Motilin is secreted by endocrine M cells (these are not the same as the microfold cells (M cells) that are in Peyer's patches) that are numerous in crypts of the small intestine, especially in the duodenum and jejunum. It is released into the general circulation in humans at about 100-min intervals during the inter-digestive state and is the most important factor in controlling the inter-digestive migrating contractions; and it also stimulates endogenous release of the endocrine pancreas. Based on amino acid sequence, motilin is unrelated to other hormones. Because of its ability to stimulate gastric activity, it was named "motilin". Apart from in humans, the motilin receptor has been identified in the gastrointestinal tracts of pigs, rats, cows, and cats, and in the central nervous system of rabbits.
Motilin was discovered by J.C. Brown when he introduced alkaline solution into duodena of dogs, which caused strong gastric contractions.

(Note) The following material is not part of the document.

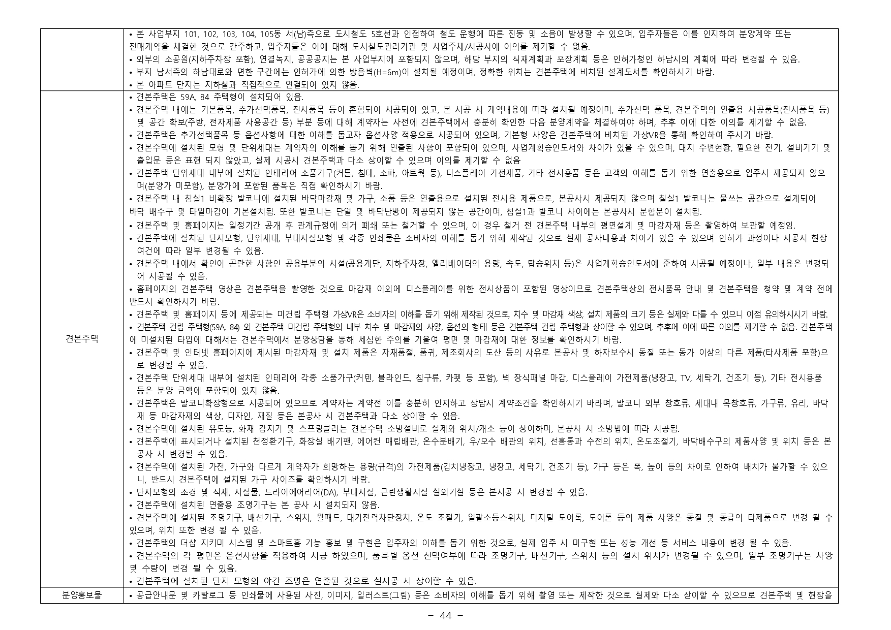 - 거주의무기간 : 본 아파트는「주택법」제57조의2 제1항 및「주택법 시행령」제60조의2 제1항에 의거하여 수도권에서 분양하는 분양가 상한제 적용 주택으로써 주택법령상 해당 주택의 최초 입주가능일부터 2년동안 계속하여 해당주택에 거주하여야 합니다. (다만, 해외 체류 등 대통령령으로 정하는 부득이한 사유가 있는 경우 그 기간은 해당 주택에 거주한 것으로 봅니다.)

Brown et al. predicted that alkali could either release stimulus to activate motor activity or prevent the secretion of inhibitory hormone. They isolated a polypeptide as a by-product from purification of secretin on carboxymethyl cellulose. They named this polypeptide “Motilin.”
Motilin has 22 amino acids and molecular weight of 2698. In extract from human gut and plasma, there are two basic forms of motilin. The first molecular form is the polypeptide of 22 amino acids. The second form, on the other hand, is larger and contains the same 22 amino acids as the first form but includes an additional carboxyl-terminus end.
The structure and dynamics of the gastrointestinal peptide hormone motilin have been studied in the presence of isotropic q = 0.5 phospholipid bicelles. The NMR solution structure of the peptide in acidic bicelle solution was determined from 203 NOE-derived distance constraints and six backbone torsion angle constraints. Dynamic properties for the 13Cα→1H vector in Leu-10 were determined for motilin specifically labeled with 13C at this position by analysis of multiple-field relaxation data. The structure reveals an ordered alpha-helical conformation between Glu-9 and Lys-20. The N-terminus is also well structured with a turn resembling that of a classical beta-turn. The 13C dynamics clearly show that motilin tumbles slowly in solution, with a correlation time characteristic of a large object.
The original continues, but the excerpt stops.